WHAT THE EXERCISE ASKS: Exactly as written, set down each line of the data below except its pictures.

Source records

[Start of section]

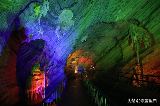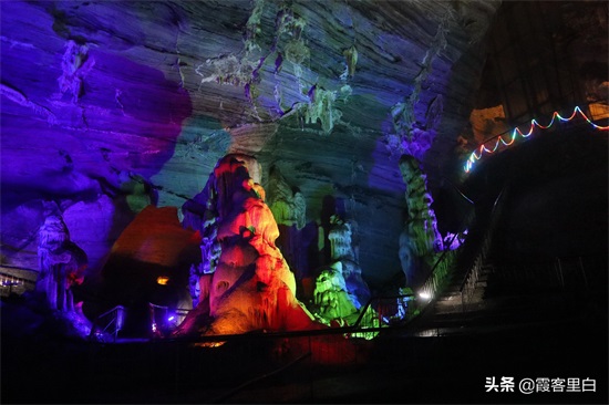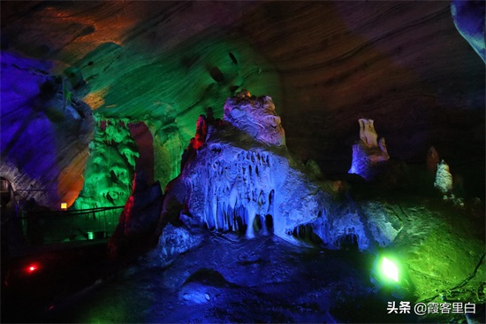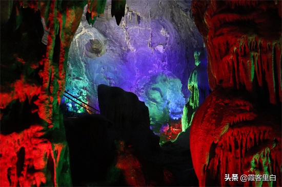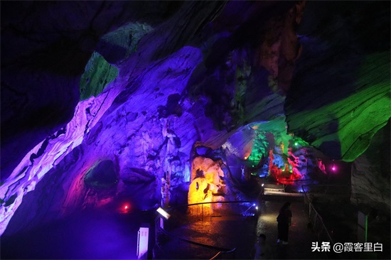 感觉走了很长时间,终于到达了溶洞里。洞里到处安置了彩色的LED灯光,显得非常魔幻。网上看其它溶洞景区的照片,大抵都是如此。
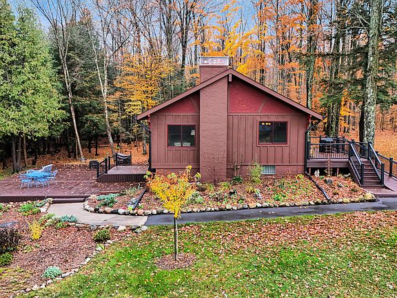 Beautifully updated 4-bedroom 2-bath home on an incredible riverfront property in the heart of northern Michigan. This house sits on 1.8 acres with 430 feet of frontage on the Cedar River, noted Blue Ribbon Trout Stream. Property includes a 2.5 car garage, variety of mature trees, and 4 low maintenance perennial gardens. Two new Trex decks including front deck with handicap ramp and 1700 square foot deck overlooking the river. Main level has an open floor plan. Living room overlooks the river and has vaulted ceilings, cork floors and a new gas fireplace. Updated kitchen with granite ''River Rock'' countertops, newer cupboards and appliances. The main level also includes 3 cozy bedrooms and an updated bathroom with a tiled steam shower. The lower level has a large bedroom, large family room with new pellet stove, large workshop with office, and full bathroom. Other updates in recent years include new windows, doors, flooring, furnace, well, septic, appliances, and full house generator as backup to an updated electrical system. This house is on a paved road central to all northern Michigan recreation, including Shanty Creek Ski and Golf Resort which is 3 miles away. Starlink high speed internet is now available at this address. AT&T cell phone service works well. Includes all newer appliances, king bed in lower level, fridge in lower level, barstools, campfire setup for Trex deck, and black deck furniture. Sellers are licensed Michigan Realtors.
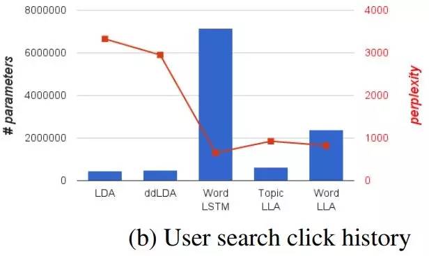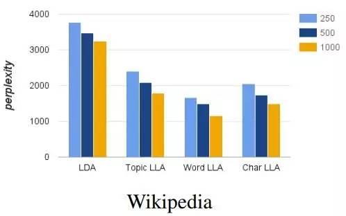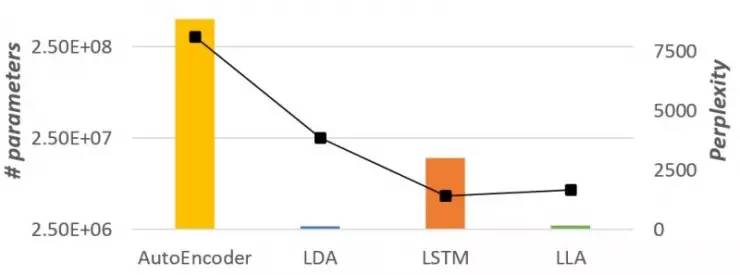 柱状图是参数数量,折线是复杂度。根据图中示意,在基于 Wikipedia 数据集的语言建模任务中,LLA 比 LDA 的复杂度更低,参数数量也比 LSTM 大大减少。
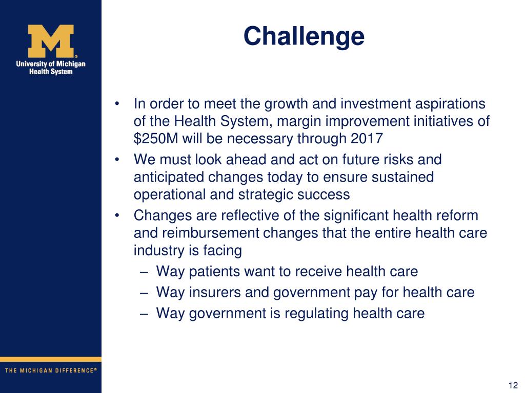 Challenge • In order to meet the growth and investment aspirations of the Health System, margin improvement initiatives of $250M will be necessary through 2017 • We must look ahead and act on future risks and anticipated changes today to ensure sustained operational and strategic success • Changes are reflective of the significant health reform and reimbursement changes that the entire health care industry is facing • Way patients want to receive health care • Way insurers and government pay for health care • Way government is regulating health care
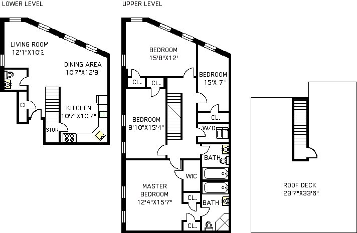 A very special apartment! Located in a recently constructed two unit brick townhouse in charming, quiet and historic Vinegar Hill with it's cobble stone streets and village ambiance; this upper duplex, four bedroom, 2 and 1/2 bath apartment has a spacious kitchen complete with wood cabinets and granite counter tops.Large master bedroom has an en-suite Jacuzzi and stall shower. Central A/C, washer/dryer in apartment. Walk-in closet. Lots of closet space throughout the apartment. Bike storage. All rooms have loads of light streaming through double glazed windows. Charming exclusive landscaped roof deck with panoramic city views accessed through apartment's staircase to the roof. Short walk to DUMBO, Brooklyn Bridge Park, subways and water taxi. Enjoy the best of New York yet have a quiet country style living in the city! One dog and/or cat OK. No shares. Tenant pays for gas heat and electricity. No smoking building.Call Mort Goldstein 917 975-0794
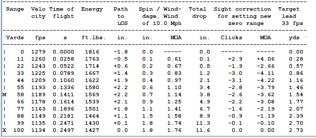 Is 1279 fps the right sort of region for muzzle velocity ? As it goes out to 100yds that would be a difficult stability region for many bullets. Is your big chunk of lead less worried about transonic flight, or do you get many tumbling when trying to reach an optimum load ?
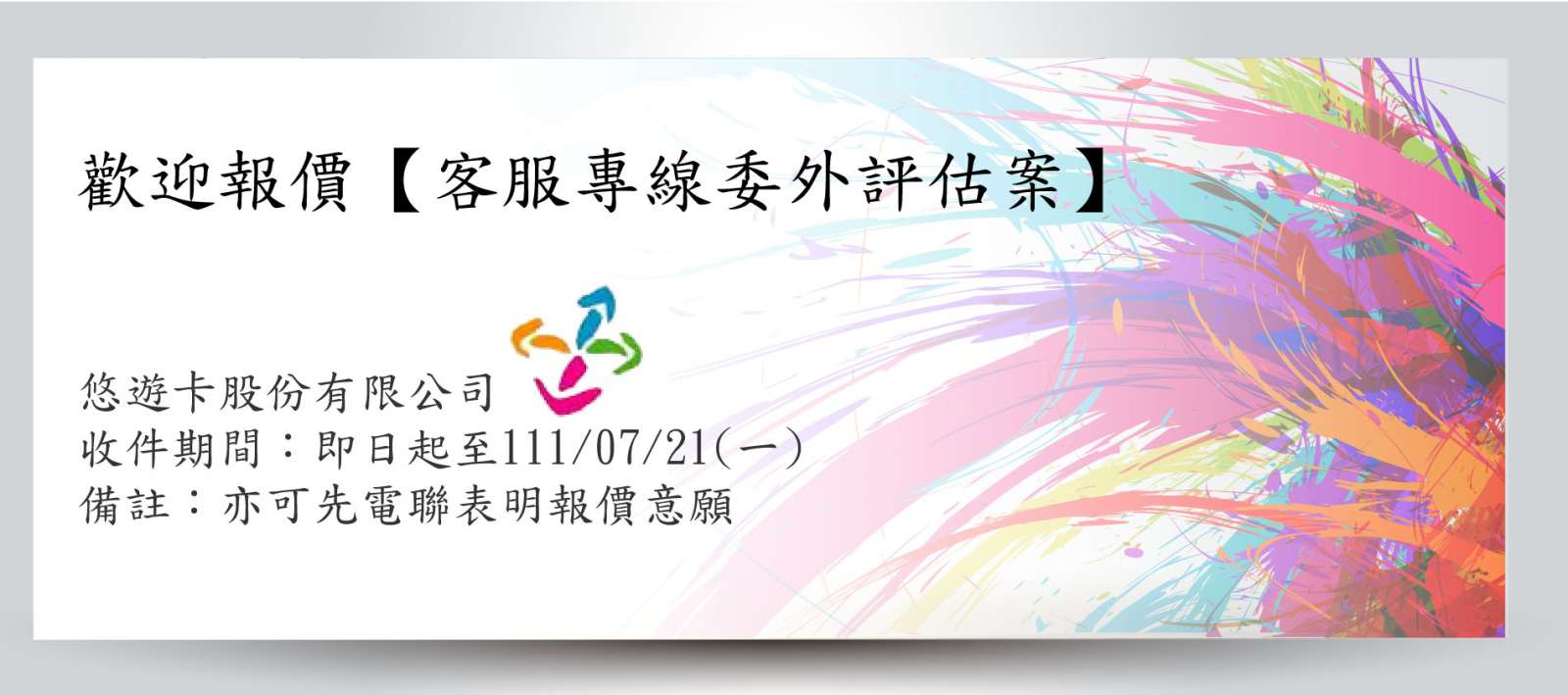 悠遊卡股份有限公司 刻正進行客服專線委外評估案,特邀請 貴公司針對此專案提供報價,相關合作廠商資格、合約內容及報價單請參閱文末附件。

[End of section]

SOLUTION TO THE PROBLEM:
 感觉走了很长时间,终于到达了溶洞里。洞里到处安置了彩色的LED灯光,显得非常魔幻。网上看其它溶洞景区的照片,大抵都是如此。
 Beautifully updated 4-bedroom 2-bath home on an incredible riverfront property in the heart of northern Michigan. This house sits on 1.8 acres with 430 feet of frontage on the Cedar River, noted Blue Ribbon Trout Stream. Property includes a 2.5 car garage, variety of mature trees, and 4 low maintenance perennial gardens. Two new Trex decks including front deck with handicap ramp and 1700 square foot deck overlooking the river. Main level has an open floor plan. Living room overlooks the river and has vaulted ceilings, cork floors and a new gas fireplace. Updated kitchen with granite ''River Rock'' countertops, newer cupboards and appliances. The main level also includes 3 cozy bedrooms and an updated bathroom with a tiled steam shower. The lower level has a large bedroom, large family room with new pellet stove, large workshop with office, and full bathroom. Other updates in recent years include new windows, doors, flooring, furnace, well, septic, appliances, and full house generator as backup to an updated electrical system. This house is on a paved road central to all northern Michigan recreation, including Shanty Creek Ski and Golf Resort which is 3 miles away. Starlink high speed internet is now available at this address. AT&T cell phone service works well. Includes all newer appliances, king bed in lower level, fridge in lower level, barstools, campfire setup for Trex deck, and black deck furniture. Sellers are licensed Michigan Realtors.
 柱状图是参数数量,折线是复杂度。根据图中示意,在基于 Wikipedia 数据集的语言建模任务中,LLA 比 LDA 的复杂度更低,参数数量也比 LSTM 大大减少。
 Challenge • In order to meet the growth and investment aspirations of the Health System, margin improvement initiatives of $250M will be necessary through 2017 • We must look ahead and act on future risks and anticipated changes today to ensure sustained operational and strategic success • Changes are reflective of the significant health reform and reimbursement changes that the entire health care industry is facing • Way patients want to receive health care • Way insurers and government pay for health care • Way government is regulating health care
 A very special apartment! Located in a recently constructed two unit brick townhouse in charming, quiet and historic Vinegar Hill with it's cobble stone streets and village ambiance; this upper duplex, four bedroom, 2 and 1/2 bath apartment has a spacious kitchen complete with wood cabinets and granite counter tops.Large master bedroom has an en-suite Jacuzzi and stall shower. Central A/C, washer/dryer in apartment. Walk-in closet. Lots of closet space throughout the apartment. Bike storage. All rooms have loads of light streaming through double glazed windows. Charming exclusive landscaped roof deck with panoramic city views accessed through apartment's staircase to the roof. Short walk to DUMBO, Brooklyn Bridge Park, subways and water taxi. Enjoy the best of New York yet have a quiet country style living in the city! One dog and/or cat OK. No shares. Tenant pays for gas heat and electricity. No smoking building.Call Mort Goldstein 917 975-0794
 Is 1279 fps the right sort of region for muzzle velocity ? As it goes out to 100yds that would be a difficult stability region for many bullets. Is your big chunk of lead less worried about transonic flight, or do you get many tumbling when trying to reach an optimum load ?
 悠遊卡股份有限公司 刻正進行客服專線委外評估案,特邀請 貴公司針對此專案提供報價,相關合作廠商資格、合約內容及報價單請參閱文末附件。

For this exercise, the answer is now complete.